<<<<

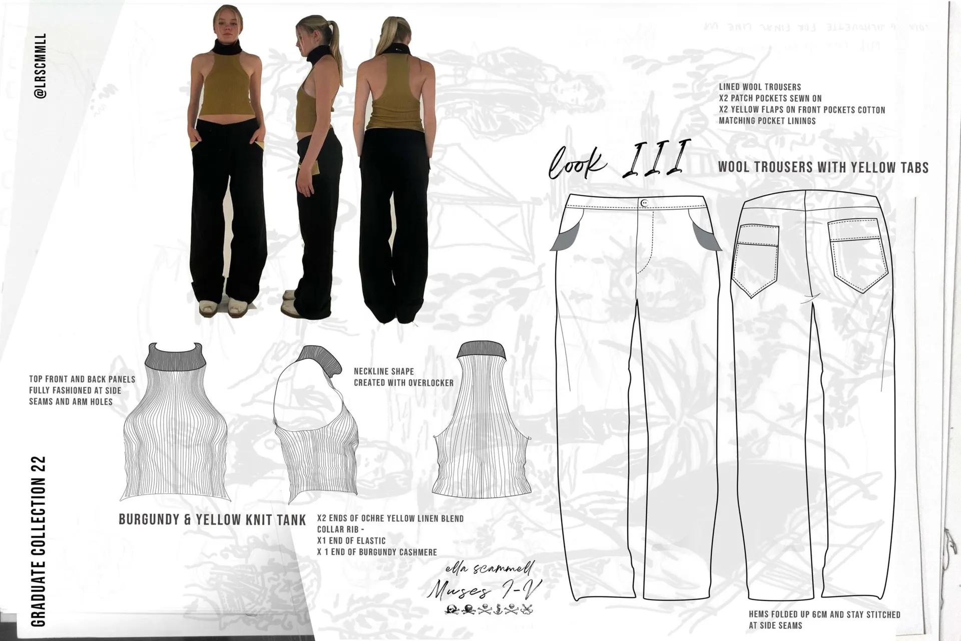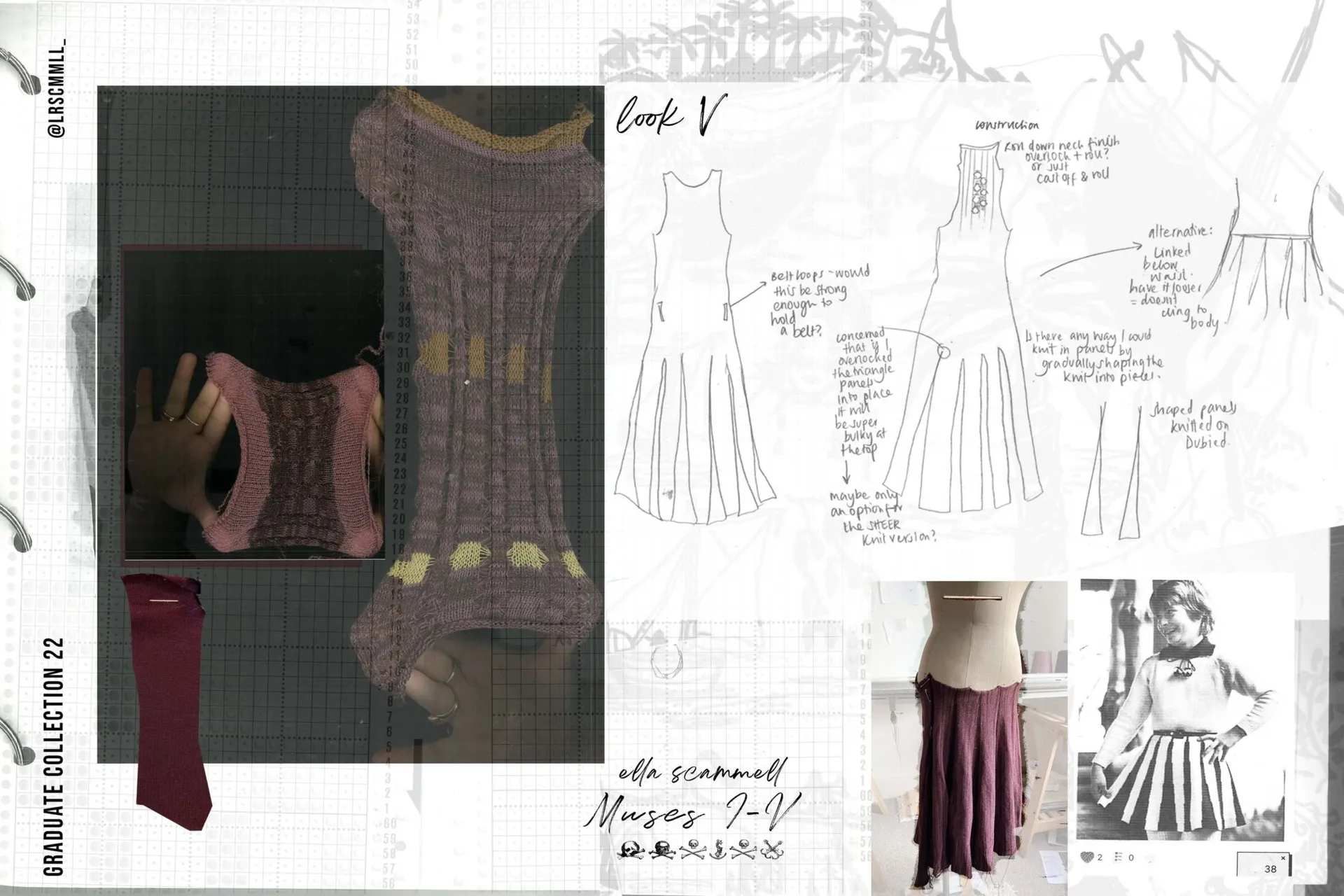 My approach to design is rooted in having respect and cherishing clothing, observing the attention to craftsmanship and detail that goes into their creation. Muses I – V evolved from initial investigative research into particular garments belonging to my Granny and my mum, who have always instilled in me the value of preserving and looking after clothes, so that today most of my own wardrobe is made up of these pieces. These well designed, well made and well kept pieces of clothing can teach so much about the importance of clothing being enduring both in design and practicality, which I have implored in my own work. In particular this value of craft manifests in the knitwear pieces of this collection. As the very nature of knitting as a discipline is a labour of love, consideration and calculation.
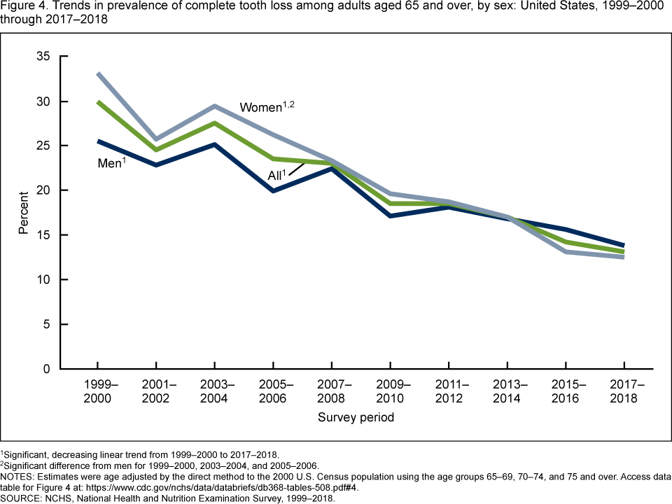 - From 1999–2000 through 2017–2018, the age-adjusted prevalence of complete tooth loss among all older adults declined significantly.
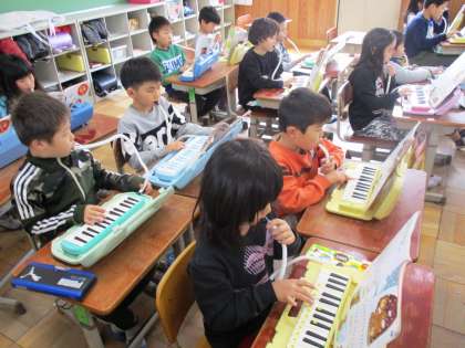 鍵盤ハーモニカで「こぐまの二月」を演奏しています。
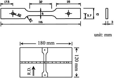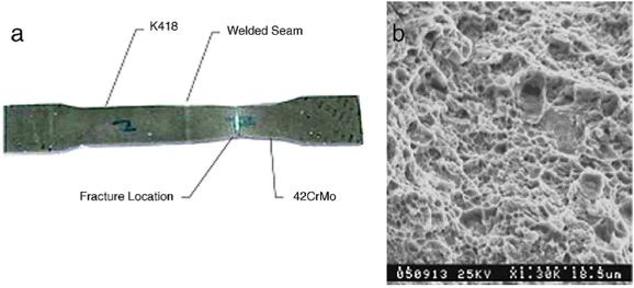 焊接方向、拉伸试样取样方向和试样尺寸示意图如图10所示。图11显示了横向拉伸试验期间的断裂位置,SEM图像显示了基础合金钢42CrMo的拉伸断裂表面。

>>>>

- **THE PROBLEM**
Retype the listing verbatim, minus every image.

- **RESPONSE FOR THIS EXERCISE**
 My approach to design is rooted in having respect and cherishing clothing, observing the attention to craftsmanship and detail that goes into their creation. Muses I – V evolved from initial investigative research into particular garments belonging to my Granny and my mum, who have always instilled in me the value of preserving and looking after clothes, so that today most of my own wardrobe is made up of these pieces. These well designed, well made and well kept pieces of clothing can teach so much about the importance of clothing being enduring both in design and practicality, which I have implored in my own work. In particular this value of craft manifests in the knitwear pieces of this collection. As the very nature of knitting as a discipline is a labour of love, consideration and calculation.
 - From 1999–2000 through 2017–2018, the age-adjusted prevalence of complete tooth loss among all older adults declined significantly.
 鍵盤ハーモニカで「こぐまの二月」を演奏しています。
 焊接方向、拉伸试样取样方向和试样尺寸示意图如图10所示。图11显示了横向拉伸试验期间的断裂位置,SEM图像显示了基础合金钢42CrMo的拉伸断裂表面。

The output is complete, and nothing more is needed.